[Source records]
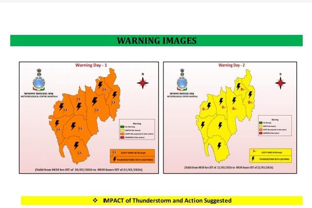 ত্রিপুরার বিভিন্ন জেলায় আগামী দুই দিন বজ্রবিদ্যুৎ সহ ঝড়ো হাওয়া ও বৃষ্টির সম্ভাবনার কথা জানিয়েছে আগরতলা আবহাওয়া দপ্তর। দপ্তরের পূর্বাভাস অনুযায়ী, ২০ ও ২১ মার্চ রাজ্যের একাধিক জেলায় ৩০ থেকে ৫০ কিলোমিটার বেগে দমকা হাওয়ার সঙ্গে বজ্রঝড় এবং হালকা থেকে মাঝারি বৃষ্টি হতে পারে।
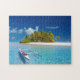 Det här pusslet har en bild av en exotisk tropisk ö, sandstrand, handflatan träd och kristallklar vatten.
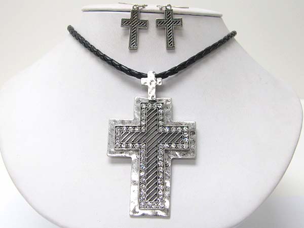Crystal stud burnish metal cross pendant necklace earring set
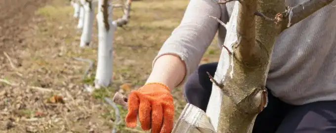 Het witwassen van bomen in de lente beschermt zaailingen tegen overmatige zon. Bomen witwassen beschermt de tuin in de lente / foto depositphotos.
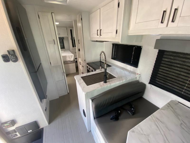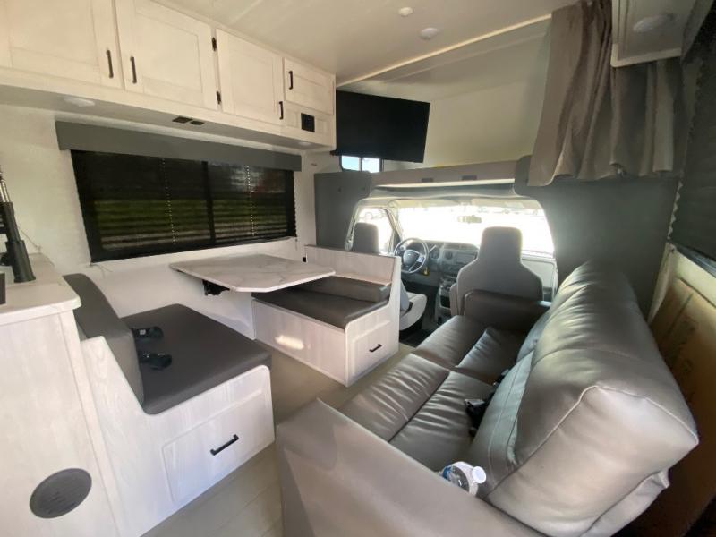 With any Entrada Class C gas motorhome from EAST TO WEST, the construction consists of a completely laminated coach, a one-piece molded fiberglass front cap, 2" thick sidewalls with Azdel composite exterior, a Dicor Diflex ll TPO roof, and integrated entry step. Some of the Entrada value package features include 12V tank heaters to camp during the cooler months, the Winegard Air 360+, plus backup and sideview cameras with monitor for safety on and off the road. The interior offers a 7-foot interior height for a spacious feel, and hardwood shaker style cabinets. Choose an Entrada for its tasteful design, attention to detail, bright interior and/or affordable price-point!
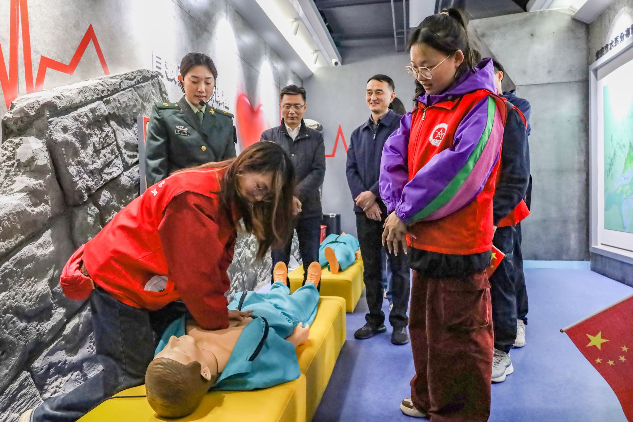 从世界防空发展史到人民防空建设,讲解员向教师和员工们详细介绍了国家的空袭事件、防空体系、防空武器和新三防等知识,并带领参观人员学习、体验防空警报鸣笛、动感战机VR、人防知识问答以及心肺复苏等项目。“这两种人防工程砖墙的区别在哪?”“心肺复苏前首先要进行什么?”“火灾现场如何逃离?”……在参观过程中,讲解员与员工们积极互动,使得员工们更加全面地了解国防人防。

TASK PROMPT -
Every entry must be retyped exactly, with the pictures removed.

RESULT OF THE TASK -
 ত্রিপুরার বিভিন্ন জেলায় আগামী দুই দিন বজ্রবিদ্যুৎ সহ ঝড়ো হাওয়া ও বৃষ্টির সম্ভাবনার কথা জানিয়েছে আগরতলা আবহাওয়া দপ্তর। দপ্তরের পূর্বাভাস অনুযায়ী, ২০ ও ২১ মার্চ রাজ্যের একাধিক জেলায় ৩০ থেকে ৫০ কিলোমিটার বেগে দমকা হাওয়ার সঙ্গে বজ্রঝড় এবং হালকা থেকে মাঝারি বৃষ্টি হতে পারে।
 Det här pusslet har en bild av en exotisk tropisk ö, sandstrand, handflatan träd och kristallklar vatten.
Crystal stud burnish metal cross pendant necklace earring set
 Het witwassen van bomen in de lente beschermt zaailingen tegen overmatige zon. Bomen witwassen beschermt de tuin in de lente / foto depositphotos.
 With any Entrada Class C gas motorhome from EAST TO WEST, the construction consists of a completely laminated coach, a one-piece molded fiberglass front cap, 2" thick sidewalls with Azdel composite exterior, a Dicor Diflex ll TPO roof, and integrated entry step. Some of the Entrada value package features include 12V tank heaters to camp during the cooler months, the Winegard Air 360+, plus backup and sideview cameras with monitor for safety on and off the road. The interior offers a 7-foot interior height for a spacious feel, and hardwood shaker style cabinets. Choose an Entrada for its tasteful design, attention to detail, bright interior and/or affordable price-point!
 从世界防空发展史到人民防空建设,讲解员向教师和员工们详细介绍了国家的空袭事件、防空体系、防空武器和新三防等知识,并带领参观人员学习、体验防空警报鸣笛、动感战机VR、人防知识问答以及心肺复苏等项目。“这两种人防工程砖墙的区别在哪?”“心肺复苏前首先要进行什么?”“火灾现场如何逃离?”……在参观过程中,讲解员与员工们积极互动,使得员工们更加全面地了解国防人防。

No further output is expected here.